China’s electric vehicle market has entered a pivotal moment. Industry leader BYD saw deliveries decline for the first time this year, raising questions about whether its dominance is sustainable amid intensifying competition. While BYD still commands more than half of the domestic EV market, September’s results underscored a broader transition, as nimble upstarts increasingly capture consumer demand.
BYD Faces Rare Slowdown
BYD delivered 393,060 units in September, a 6% decline from a year earlier. The decline is notable not only because it coincides with the peak sales season but also because it follows the company’s decision to lower its 2025 sales target by as much as 16% to 4.6 million vehicles. Analysts point to heightened price competition, slowing demand in the mass market, and the erosion of early-mover advantages.

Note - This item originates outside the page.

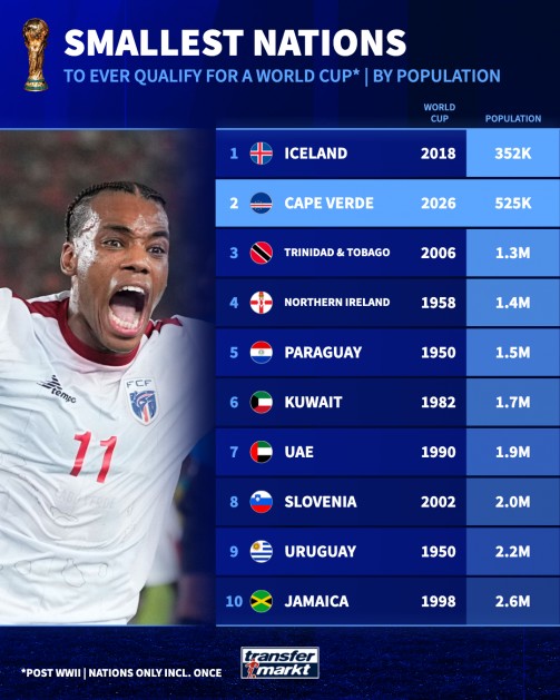 北京时间10月14日,在非洲小国佛得角成功晋级2026年美加墨世界杯之后,德转统计出了自二战以来首次晋级世界杯人口最少的10个国家,冰岛排名第1,佛得角第2。

Despite the pullback, BYD remains the largest EV maker by far, capturing 54% of all domestic sales last month. Its ability to maintain this lead reflects the depth of its product line and cost efficiency. Yet, investors are questioning whether this dominant position can withstand the rapid ascent of challengers armed with fresh designs, aggressive pricing, and government-supported incentives.
Rising Momentum Among Startups
In sharp contrast, China’s EV newcomers delivered record-breaking results in September. Leapmotor reported 66,657 units sold, nearly doubling last year’s tally and extending a run of all-time highs. Backed by Stellantis, the company’s C10 and C16 models continued to lead their price segments, underscoring strong consumer uptake in the mid-market range.
The Huawei-backed Harmony Intelligent Mobility Alliance, which includes Aito, Chery, and Maextro, also broke records with 52,916 deliveries, finally moving past the 40,000-unit ceiling it had struggled to surpass earlier this year. Xiaomi, a new entrant with ambitions beyond smartphones, reached over 40,000 deliveries in September, marking a sharp acceleration since the launch of its YU7 model in July, a direct rival to Tesla’s Model Y.
Established Challengers Gain Ground
Xpeng, which has hovered in the 30,000 range for nearly a year, surged to 41,581 deliveries in September, up 95% year-over-year. Nio also achieved back-to-back record highs, delivering 34,749 vehicles, driven by strong demand for its family-oriented Onvo brand. Li Auto, after months of weaker sales, rebounded to 33,951 deliveries, regaining momentum in its competitive segment.
Although Geely’s Zeekr fell slightly short of its record with 18,257 deliveries, the brand remains a formidable player in the premium EV market. Collectively, the performance of these firms demonstrates not only resilience but also a structural shift in consumer demand toward diverse offerings and brand alternatives.
What to Watch Ahead
The September figures highlight a turning point for China’s EV sector. For BYD, the challenge is no longer just expanding production capacity but defending its position against a growing array of competitors that are rapidly scaling. Price competition, evolving consumer tastes, and government policies will all play pivotal roles in shaping the next phase of growth.
For investors and policymakers, the key question is whether the surge in startup sales signals a more fragmented market ahead, or if industry consolidation will ultimately favor a smaller number of dominant players. As global automakers monitor these shifts, China’s EV landscape in the final quarter of 2025 may prove decisive in setting the tone for worldwide competition in the years ahead.